A ira muitas vezes esconde outra coisa
Uma explosão pode parecer apenas irritação, mas às vezes existe orgulho escondido ali.
A pessoa pensa: “Como alguém teve coragem de falar comigo dessa maneira?” E a reação vem imediatamente.
Só que o check-up espiritual precisa ir além daquilo que aparece na superfície. Preciso descobrir de onde está vindo aquela reação.
- É justiça ou é orgulho?
- É firmeza ou é vontade de vencer?
- É zelo ou é um temperamento que nunca permiti que Deus tratasse?
O exame precisa ser sincero.
O cristão não precisa vencer todas as discussões
A melhor vitória nem sempre é ter a última palavra.
Às vezes, vencer é conseguir responder com amor quando poderíamos responder com agressividade. É ter graça mesmo estando com a razão.
Com a ajuda do Espírito Santo, nosso temperamento pode ser trabalhado. Aquilo que antes produzia explosões pode ser canalizado para algo bom.

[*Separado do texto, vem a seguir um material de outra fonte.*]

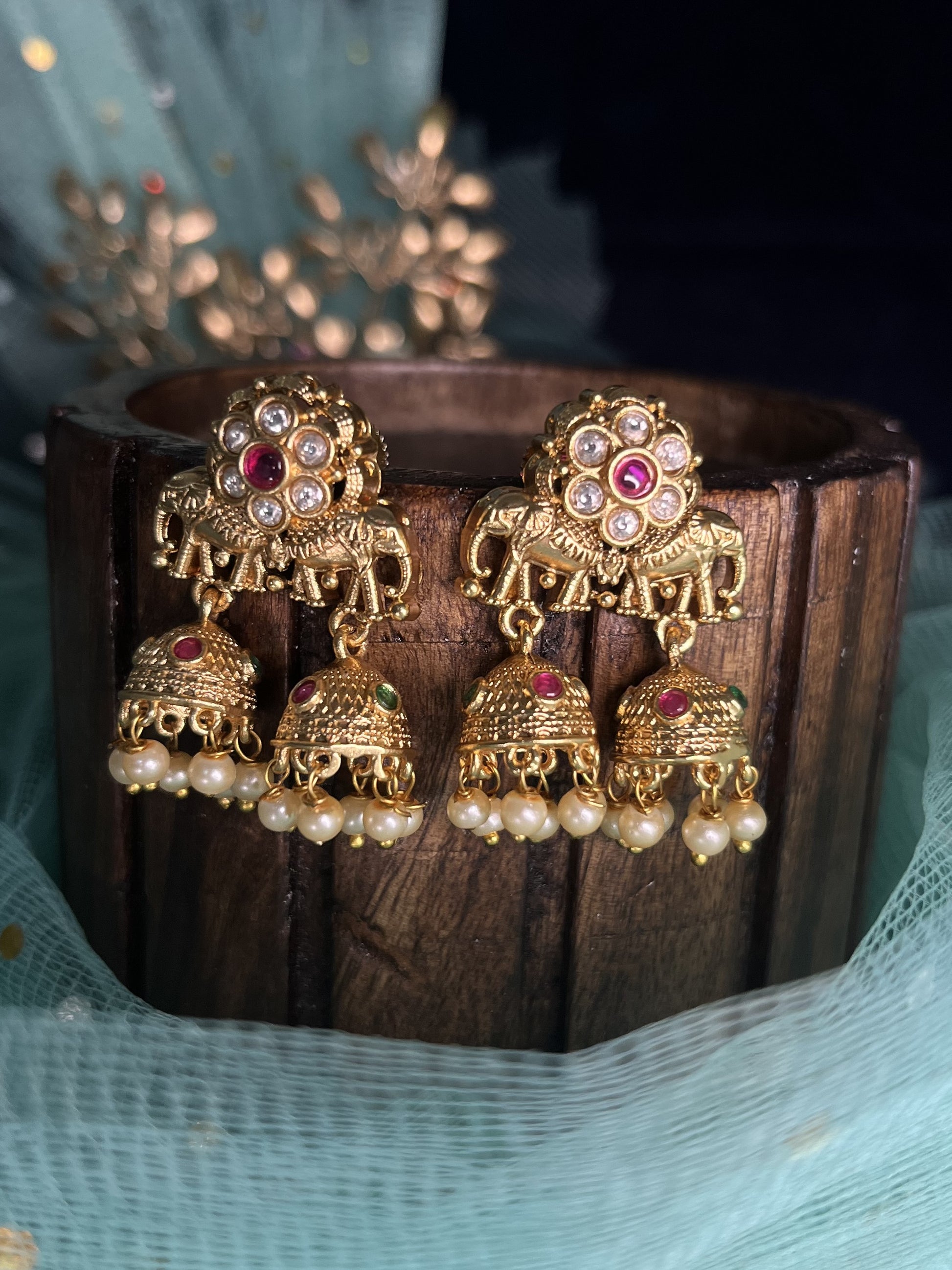 Product description : uniquely designed rajwadi gold double jhumkas studded with pacchi kundans.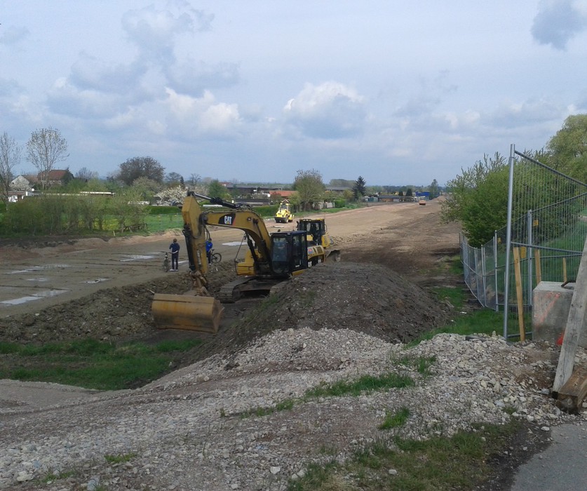 Die Bauarbeiten am Geradamm und der Straße nach Riethnordhausen gehen zügig voran. Nun lässt sich auch der zukünfige Damm erahnen und auch das neue Einlaufbauwerk des geplanten Polters östlich der Gera nimmt Gestalt an.

Em vez de produtores de conflitos, podemos nos tornar pacificadores.
E um pacificador não é alguém que nunca enfrenta problemas. É alguém que consegue transformar conflitos em oportunidades de amadurecimento e crescimento.
O check-up espiritual precisa chegar também à nossa maneira de tratar as pessoas.
- Se existe agressividade, precisamos reconhecer.
- Se a nossa língua tem machucado, precisamos permitir que Deus coloque uma guarda nos nossos lábios.
- Se estamos sempre tentando vencer o outro, talvez seja hora de vencer primeiro a nós mesmos.
A resposta branda desvia o furor. E dominar o próprio espírito é uma vitória maior do que conquistar uma cidade.